With the updates on Thursday, I decided to take the plunge and try my hand at building the OS on my own. If you decide to do the same, keep in mind it is a fairly advanced procedure, despite the attempts of Google to automate the processes. You’ll also need a Ubuntu computer with version 8.04 or later (I used my server running 9.04 Jaunty).

Building Chrome

All the instructions you need are on Google’s page about this very subject. It contains a very detailed procedure for downloading and compiling the system to be installed on a regular computer or run with VMWare. Since I don’t have any spare hardware lying around, I went the VMWare route.

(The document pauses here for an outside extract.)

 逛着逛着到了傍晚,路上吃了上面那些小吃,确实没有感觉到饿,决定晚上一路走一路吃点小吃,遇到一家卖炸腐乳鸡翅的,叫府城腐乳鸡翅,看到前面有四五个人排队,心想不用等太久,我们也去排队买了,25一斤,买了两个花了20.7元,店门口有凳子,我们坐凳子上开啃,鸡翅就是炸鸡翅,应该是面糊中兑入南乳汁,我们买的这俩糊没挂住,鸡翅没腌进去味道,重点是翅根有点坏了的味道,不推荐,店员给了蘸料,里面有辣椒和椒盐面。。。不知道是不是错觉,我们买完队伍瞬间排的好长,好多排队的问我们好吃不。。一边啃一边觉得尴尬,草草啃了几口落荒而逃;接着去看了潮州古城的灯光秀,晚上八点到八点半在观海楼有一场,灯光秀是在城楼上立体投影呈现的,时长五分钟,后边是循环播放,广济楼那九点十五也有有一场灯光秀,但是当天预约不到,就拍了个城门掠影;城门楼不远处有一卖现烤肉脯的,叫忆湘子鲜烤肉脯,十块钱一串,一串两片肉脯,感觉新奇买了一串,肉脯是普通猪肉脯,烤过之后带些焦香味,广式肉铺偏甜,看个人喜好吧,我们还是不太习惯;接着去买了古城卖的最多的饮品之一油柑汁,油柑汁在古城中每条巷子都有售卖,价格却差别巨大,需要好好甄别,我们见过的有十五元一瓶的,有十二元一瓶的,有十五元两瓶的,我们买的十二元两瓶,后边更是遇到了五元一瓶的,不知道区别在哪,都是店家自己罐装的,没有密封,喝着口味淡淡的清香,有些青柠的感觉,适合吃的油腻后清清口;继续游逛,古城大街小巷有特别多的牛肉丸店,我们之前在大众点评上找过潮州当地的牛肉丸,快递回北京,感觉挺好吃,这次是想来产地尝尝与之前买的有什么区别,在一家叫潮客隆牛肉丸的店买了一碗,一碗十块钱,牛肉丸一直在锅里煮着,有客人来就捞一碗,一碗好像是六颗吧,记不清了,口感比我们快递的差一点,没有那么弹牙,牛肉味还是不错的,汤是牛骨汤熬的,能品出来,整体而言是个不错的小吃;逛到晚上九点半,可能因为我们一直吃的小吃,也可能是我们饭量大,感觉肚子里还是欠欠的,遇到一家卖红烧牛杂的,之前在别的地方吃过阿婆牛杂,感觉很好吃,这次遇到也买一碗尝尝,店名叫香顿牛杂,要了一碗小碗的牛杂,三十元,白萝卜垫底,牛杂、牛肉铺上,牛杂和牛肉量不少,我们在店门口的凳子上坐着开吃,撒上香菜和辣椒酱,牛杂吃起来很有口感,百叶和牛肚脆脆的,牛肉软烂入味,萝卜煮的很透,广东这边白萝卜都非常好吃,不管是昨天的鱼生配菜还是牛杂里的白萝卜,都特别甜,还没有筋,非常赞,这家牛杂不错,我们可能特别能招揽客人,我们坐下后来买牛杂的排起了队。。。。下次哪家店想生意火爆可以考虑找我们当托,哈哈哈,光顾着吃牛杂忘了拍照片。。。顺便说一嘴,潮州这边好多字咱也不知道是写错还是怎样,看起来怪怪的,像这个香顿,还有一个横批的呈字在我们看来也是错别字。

You’ll have to start by downloading the 200 MB files. If you wish to use the tarball version, here are the commands you can use to move to the home directory, download and unzip.

cd ~/
wget http://build.chromium.org/buildbot/archives/chromiumos-0.4.22.8.tar.gz
tar zxvf chromiumos-0.4.22.8.tar.gz
mv chromiumos-0.4.22.8/ chromiumos/
cd chromiumos

From there you can start with the steps on the above Google link.

The process is relatively straightforward as compared to a standard compile/install procedure, thanks to Google’s use of bash scripts. I proceeded without incident until it came time to run the ./enter_chroot.sh script. This one failed multiple times and it took me some time to figure out that I needed to run ./make_chroot.sh a second time. After that, there were no more problems, and I soon had a VMWare disk to use.

Using Chrome OS

If you wish to bypass the whole build process, gdgt has graciously provided a direct link to a download for a VMWare image. Going that route can definitely save some time.
After installing a VMWare Fusion trial, I had Chrome OS running and was presented with a nice log in screen. If you enter your Google address and password, all the applications should be set up immediately with your data and you can begin to use the OS right away. Once logged in, you really are using a giant browser.
At this stage, the open-source Chromium downloads lag behind what Google presented earlier this week, so some of the features aren’t available yet. Right now there is a Chrome browser, and that’s about it. The button at the top left shows some of the applications available, like Calendar, YouTube, Documents, Hulu and more.
These are essentially just links to the respective Google pages. The top right corner has buttons for changing a few settings and checking battery and WiFI information. Other than that, it’s pretty spartan (there isn’t even a shutdown button).

It is an interesting take on the future of computing, a problem I noticed is that a weak internet connection really dampens the benefits. To truly make use of the features built in, you’ll need a solid pipe, because waiting to even check a calendar is a bit annoying. If/when this makes its way to netbooks with wireless internet solutions, that will make a very nice package.

Is this the future?

Using these early builds, I found myself wondering who will want to use an operating system that deals very little with local storage and functionality. Google’s intention is that it will be used almost exclusively on netbooks — the tiny 8-10″ computers that are mostly used for email and web browsing. They’ve even decided that to use their version of Chromium, you’ll have to buy a new device (it won’t be available as a software only product). For that purpose, I can see it being a success. For full scale computing, I don’t think it will be usurping Windows or Mac OS X any time soon.